[Records from a collection]
**********
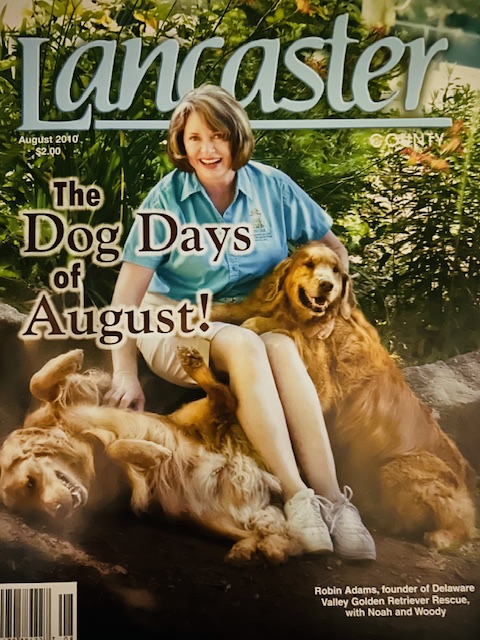 Delaware Valley Golden Retriever Rescue, August 2010: Founder Robin Adams posed with Noah and Woody on the grounds of the Denver-based rescue.
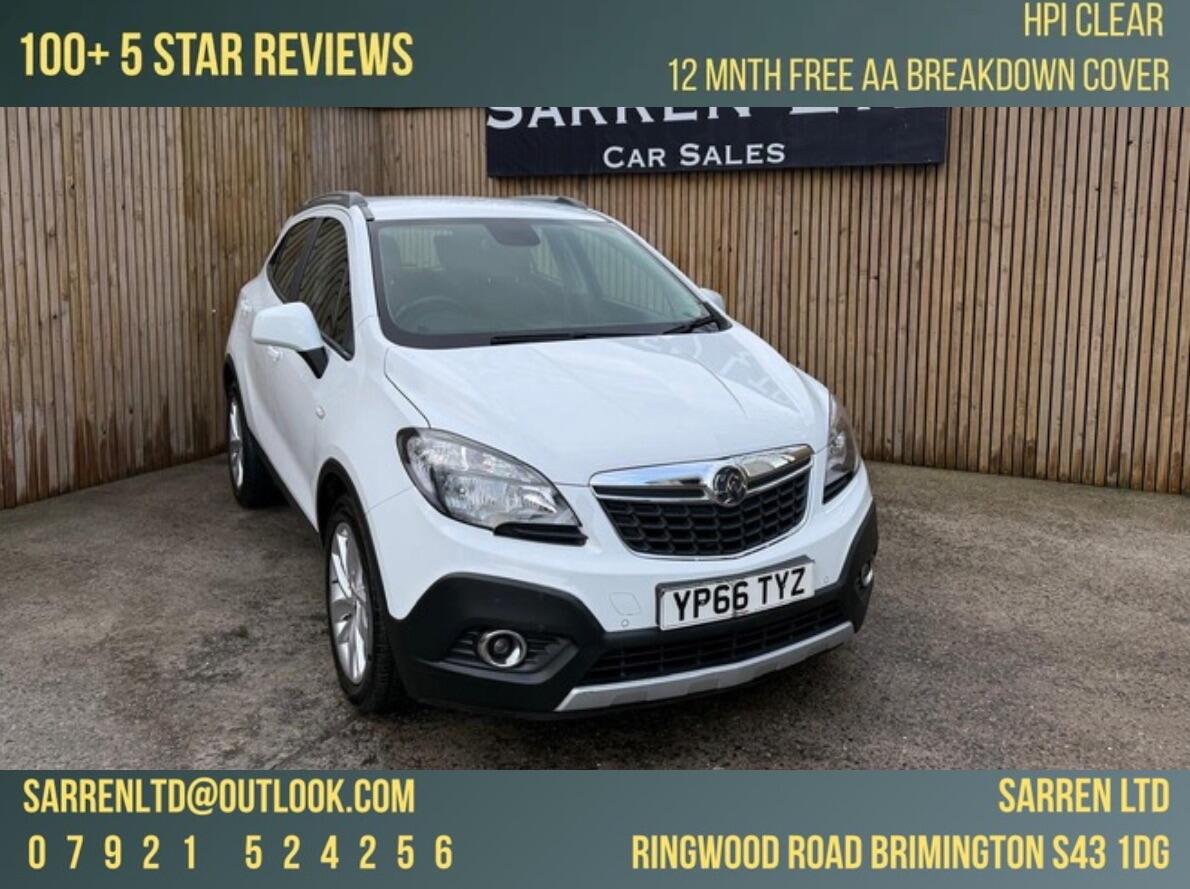 ChesterfieldInsurance Group 12, 1 Previous Owner, ***CONTACT US ON 07921524256 or EMAIL US AT SARRENLTDOUTLOOK.COM*** BEAUTIFUL Vauxhall Mokka 1.4i Turbo Exclusiv 2WD Euro 6 (s/s) 5dr finished in metallic white with excellent black cloth interior. MOT due 29/09/2026 with no advisories. FULL Service history (7) and last serviced at 67201 miles. Our Company does not receive any commission from the sale of our vehicles. Excellent specification including;18in Alloy Wheels Sterling Silver Effect230V Rear Power Outlet Behind Front Seats TwoPin EuroStyle SocketFront Parking Distance SensorsRain Sensitive Windscreen WipersRear Parking Distance SensorsBluetooth ConnectivityCruise ControlDAB Digital RadioHSA Hill Start AssistISOFIXTPMS and much mre!Absolutely gorgeous condition throughout. Extended warranty available. Here at Sarren we do not charge an admin fee for our services.We are a professional dealership with around 30 cars in stock please see our website for more. To ensure availability of stock we recommend making an appointment to avoid any disappointment. We are highly rated by Autotrader and an approved AA car dealer. All of our vehicles come with 12 months AA BREAKDOWN COVER, part exchange, warranty and delivery and finance available . Fully retail and HPI checked for your peace of mind. We are a family run business, with 20+ years in the motor trade industry and pride ourselves on our award winning aftercare service, warm welcome and pressure free environment. We are based at Sarren Ltd Ring Wood Road, Brimington, Chesterfield S43 1DG in the heart of England between junction 29a and 30 of the M1 in Derbyshire. Viewing welcome. We are open Monday through Sunday and unsociable hours at your convenience.
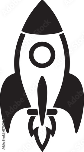 Minimal Silhouette Rocket Logo Vector Illustration – Flat Black Space Shuttle Icon Isolated on White Background – Simple, Clean, Editable Graphic for Startup, Tech, Innovation, and Space Exploration B
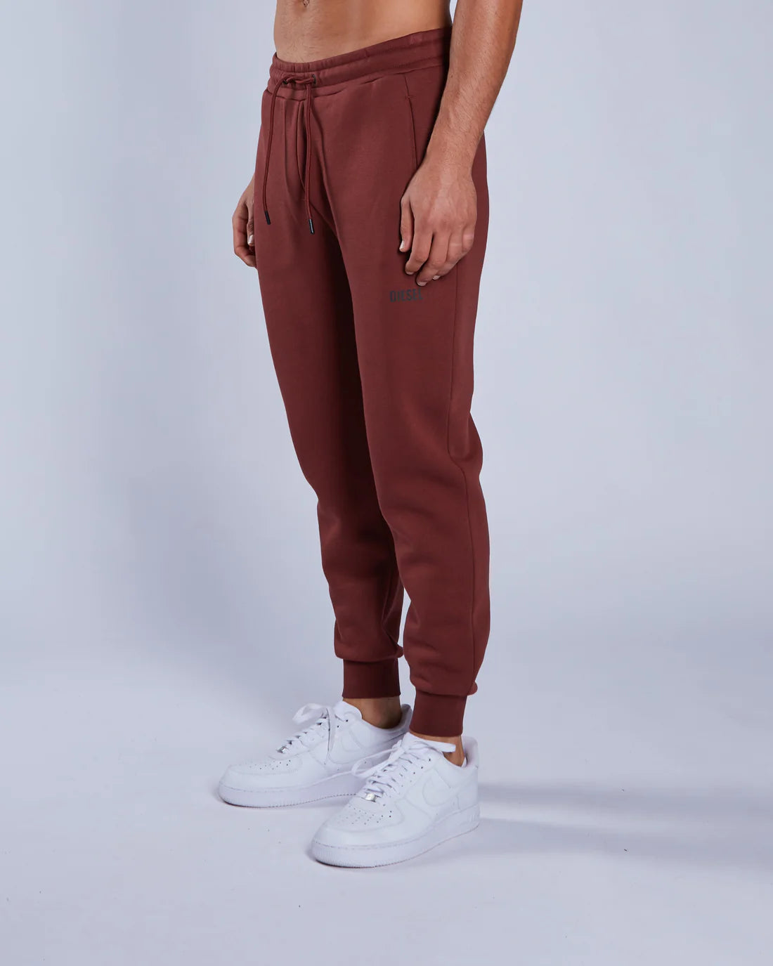 Soft, brushed interior fleece jogger with DIESEL branding at thigh. Details include simple open side pockets and ribbed cuffs at ankle.
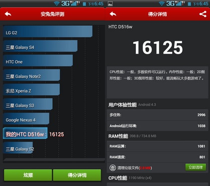 从上面HTC Desire 816安兔兔数据分析,HTC Desire 816安兔兔跑分16125分,对于一个四核的手机来说,HTC Desire 816整体性能还是比较高的,整体配置属于时下中端水准。
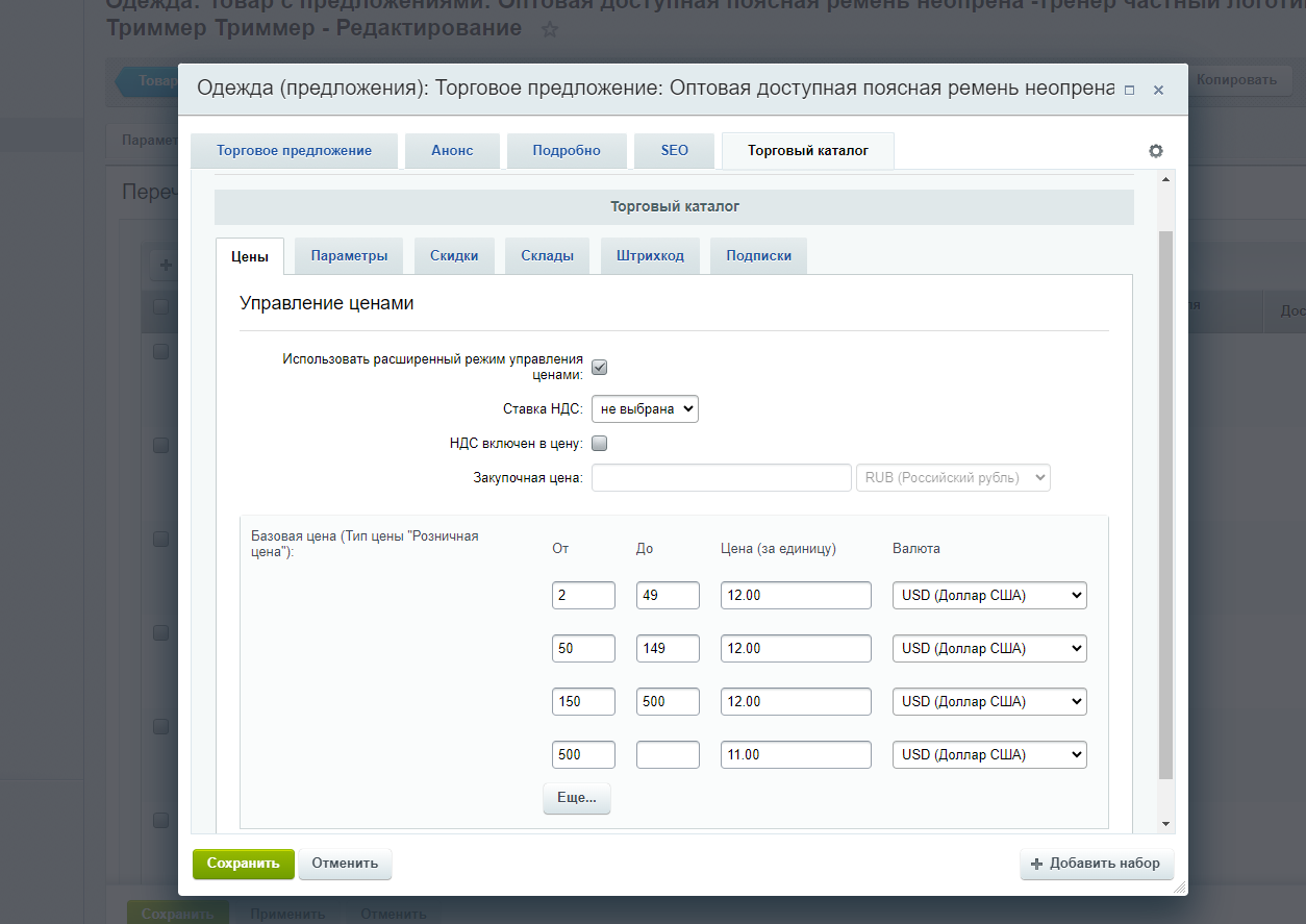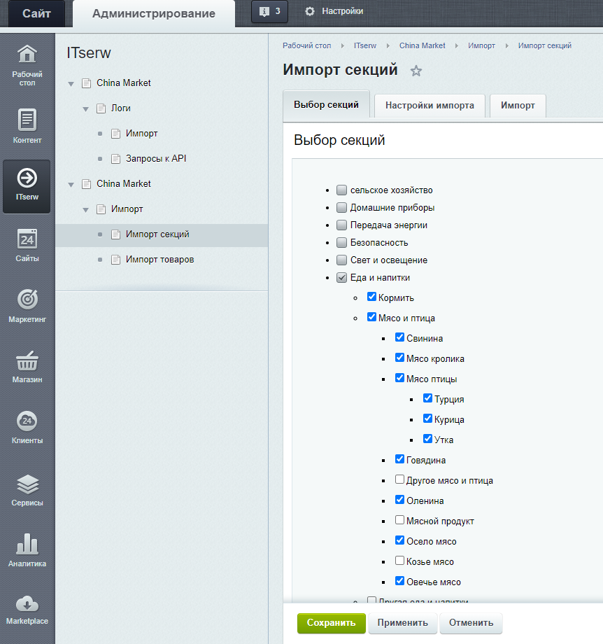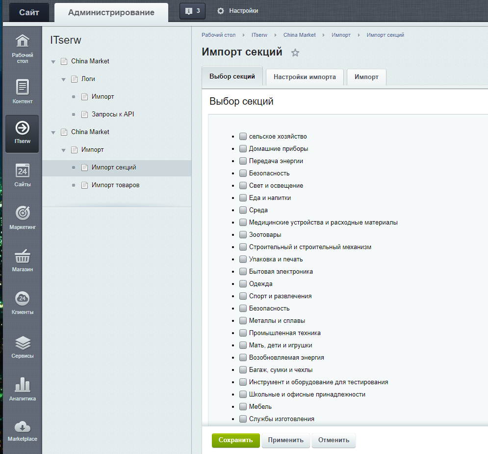 Модуль позволяет реализовать загрузку в инфоблоки разделов и товаров из китайского маркетплейса Alibaba.com, а также выполнить конвертацию валют с заданной наценкой и перевести названия и описания товаров, после чего они могут быть выведены в каталоге интернет-магазина.
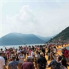 Angelangt auf der Insel herrscht Rechtsverkehr. Ein Gewühl von ankommenden Schiffstouristen, auf dem Pier und an der Uferpromenade spazierende Gäste. Ja nicht stehen bleiben beim Auf/Abgang zu den Piers, sonst ist das Gewühl noch grösser. Die Insel ist auf beiden Seiten des Floating Pier per Schiff erreichbar.
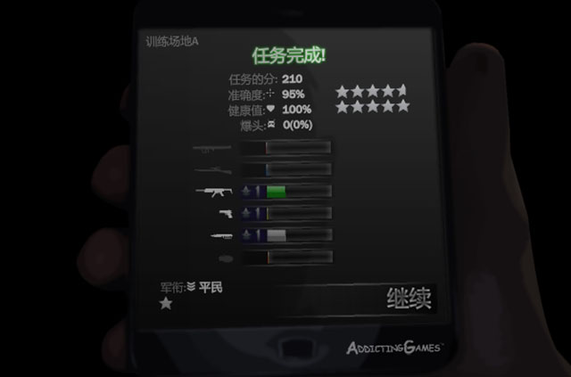 每次任务完成之后游戏都会反馈给玩家统计信息,涉及任务总评分,准确度,健康值,爆头率等内容,当玩家等级提升之后,游戏会解锁一件新武器。战斗中越常用的武器,会获得越多的技能点,而武器同样存在升级性,各种武器升级后会更加杀伤力。
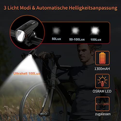 【3 Lichtmodi & Smart Helligkeitssteuerung】Deilin Frontlicht mit ultraheller 100/50 Lux ist völlig ausreichend für eine gute Beleuchtung am Fahrrad. Im dunkeln lässt sich mit dem Fahrradlampen sehr gut radeln. Mit intelligentem Einstellmodus und OSRAM LED ausgestattet, die Helligkeit der Scheinwerfer passt sich automatisch nach der Umgebungslichtstärke zwischen 50-100 Lux an, um die optimale Sichtbarkeit und Batterielestrom zu behalten.
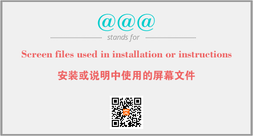 英文缩略词“@@@”经常作为“Screen files used in installation or instructions”的英文缩写来使用,中文表示:“安装或说明中使用的屏幕文件”。本文将详细介绍英文缩写词@@@所代表英文单词,其对应的中文拼音、详细解释以及在英语中的流行度。此外,还有关于缩略词@@@的分类、应用领域及相关应用示例等。
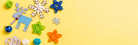 Top view of yellow background with New Year toys and decorations. Christmas time Banner concept with copy space.
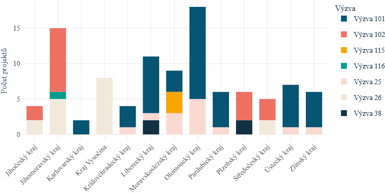 - V Olomouckém kraji je nejvíce projektů, a to zejména díky zájmu o novou výzvu pro méně rozvinuté regiony. Tam máme 13 projektů (Výzva 101). V prvním kole výzev jsme podpořili 5 projektů (Výzva 25).
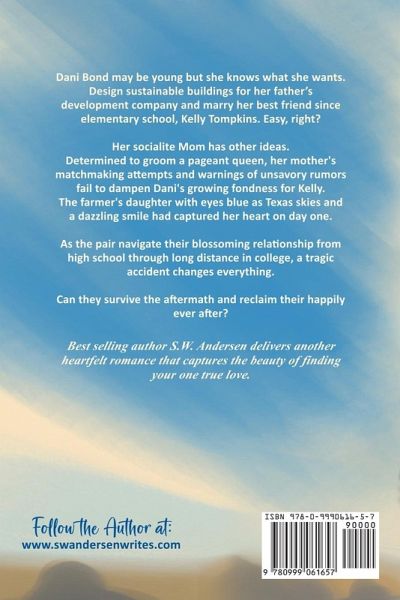 Dani Bond may be young but she knows what she wants. Design sustainable buildings for her father's development company and marry her best friend since elementary school, Kelly Tompkins. Easy, right? Her socialite Mom has other ideas. Determined to groom a pageant queen, her mother's matchmaking attempts and warnings of unsavory rumors fail to dampen Dani's growing fondness for Kelly. The farmer's daughter with eyes blue as Texas skies and a dazzling smile had captured her heart on day one. As the pair navigate their blossoming relationship from high school through long distance in college, a tragic accident changes everything. Can they survive the aftermath and reclaim their happily ever after? Best selling author S.W. Andersen delivers another heartfelt romance that captures the beauty of finding your one true love.
**********
__Problem statement__. Each line from the one containing "files used in" down to the final line of the records above must be reproduced exactly; no pictures go into the copy.

__Your response__.
 英文缩略词“@@@”经常作为“Screen files used in installation or instructions”的英文缩写来使用,中文表示:“安装或说明中使用的屏幕文件”。本文将详细介绍英文缩写词@@@所代表英文单词,其对应的中文拼音、详细解释以及在英语中的流行度。此外,还有关于缩略词@@@的分类、应用领域及相关应用示例等。
 Top view of yellow background with New Year toys and decorations. Christmas time Banner concept with copy space.
 - V Olomouckém kraji je nejvíce projektů, a to zejména díky zájmu o novou výzvu pro méně rozvinuté regiony. Tam máme 13 projektů (Výzva 101). V prvním kole výzev jsme podpořili 5 projektů (Výzva 25).
 Dani Bond may be young but she knows what she wants. Design sustainable buildings for her father's development company and marry her best friend since elementary school, Kelly Tompkins. Easy, right? Her socialite Mom has other ideas. Determined to groom a pageant queen, her mother's matchmaking attempts and warnings of unsavory rumors fail to dampen Dani's growing fondness for Kelly. The farmer's daughter with eyes blue as Texas skies and a dazzling smile had captured her heart on day one. As the pair navigate their blossoming relationship from high school through long distance in college, a tragic accident changes everything. Can they survive the aftermath and reclaim their happily ever after? Best selling author S.W. Andersen delivers another heartfelt romance that captures the beauty of finding your one true love.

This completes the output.